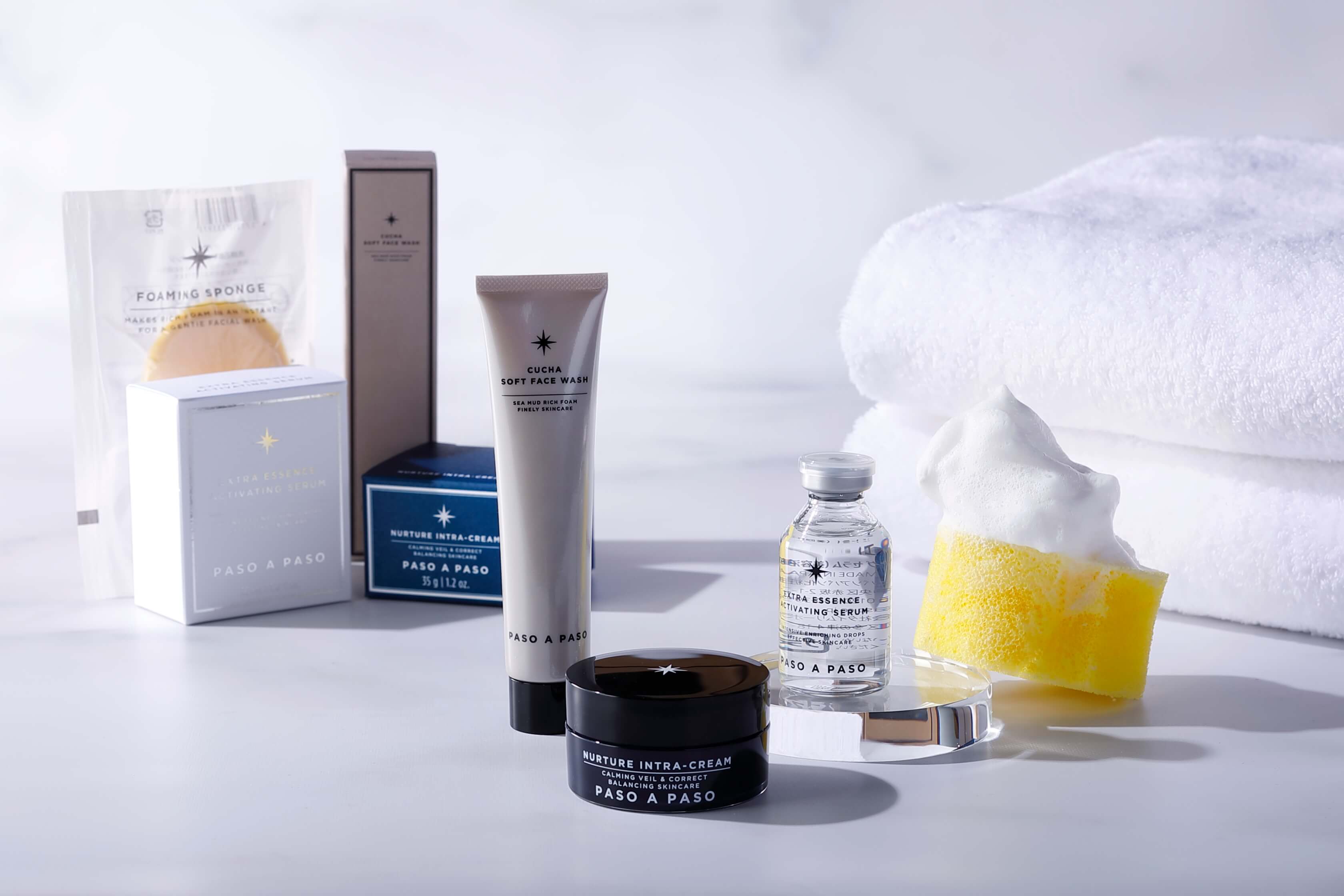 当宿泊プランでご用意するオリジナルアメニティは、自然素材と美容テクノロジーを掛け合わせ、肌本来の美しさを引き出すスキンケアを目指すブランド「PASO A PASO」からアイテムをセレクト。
---
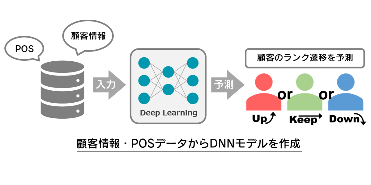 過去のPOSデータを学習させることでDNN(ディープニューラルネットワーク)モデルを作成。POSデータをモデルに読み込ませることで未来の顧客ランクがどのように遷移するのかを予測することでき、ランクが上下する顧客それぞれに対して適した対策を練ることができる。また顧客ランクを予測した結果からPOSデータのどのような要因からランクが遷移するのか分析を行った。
* * *
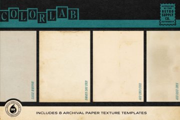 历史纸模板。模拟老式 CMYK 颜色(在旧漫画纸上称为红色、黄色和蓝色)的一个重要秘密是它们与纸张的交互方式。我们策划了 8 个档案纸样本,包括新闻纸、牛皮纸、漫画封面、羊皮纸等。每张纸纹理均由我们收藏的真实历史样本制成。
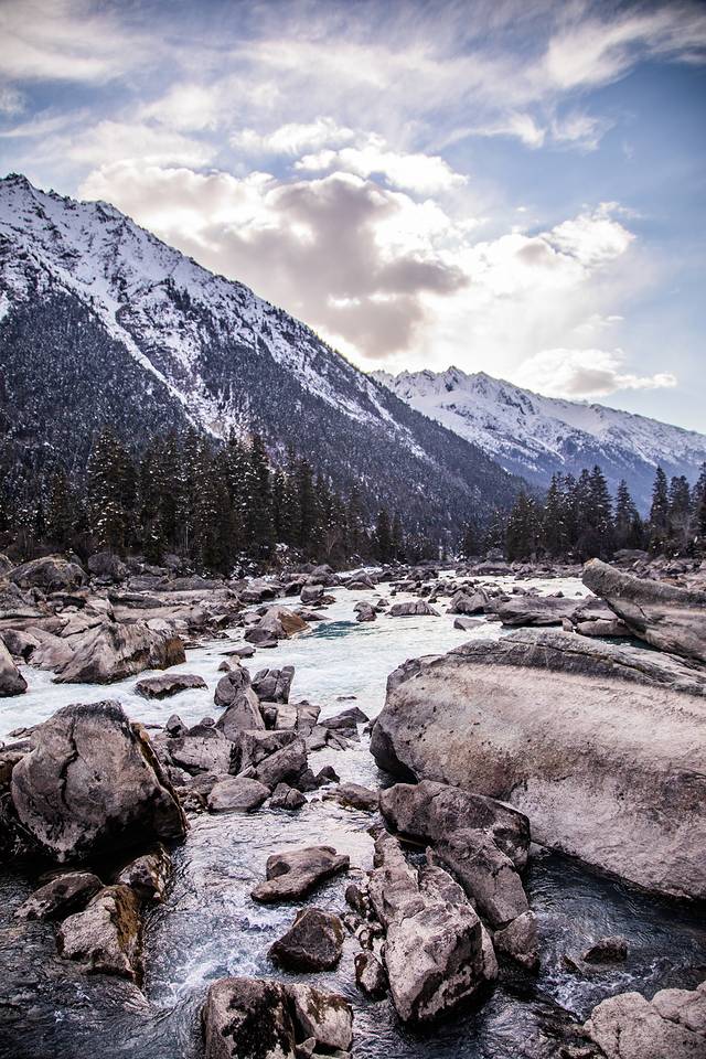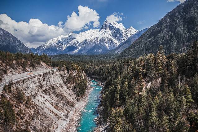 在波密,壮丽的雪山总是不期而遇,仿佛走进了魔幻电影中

INSTRUCTIONS FOR THE TASK => What belongs in the answer is each line above from the line with "历史纸模板。模拟老式 CMYK 颜色(在旧漫画纸上称为红色、黄色和蓝色)的一个重要秘密是它们与纸张的交互方式。我们策划了" to the line with "在波密,壮丽的雪山总是不期而遇,仿佛走进了魔幻电影中", inclusive, reproduced exactly and free of pictures.

SOLUTION TO THIS EXERCISE =>
 历史纸模板。模拟老式 CMYK 颜色(在旧漫画纸上称为红色、黄色和蓝色)的一个重要秘密是它们与纸张的交互方式。我们策划了 8 个档案纸样本,包括新闻纸、牛皮纸、漫画封面、羊皮纸等。每张纸纹理均由我们收藏的真实历史样本制成。
 在波密,壮丽的雪山总是不期而遇,仿佛走进了魔幻电影中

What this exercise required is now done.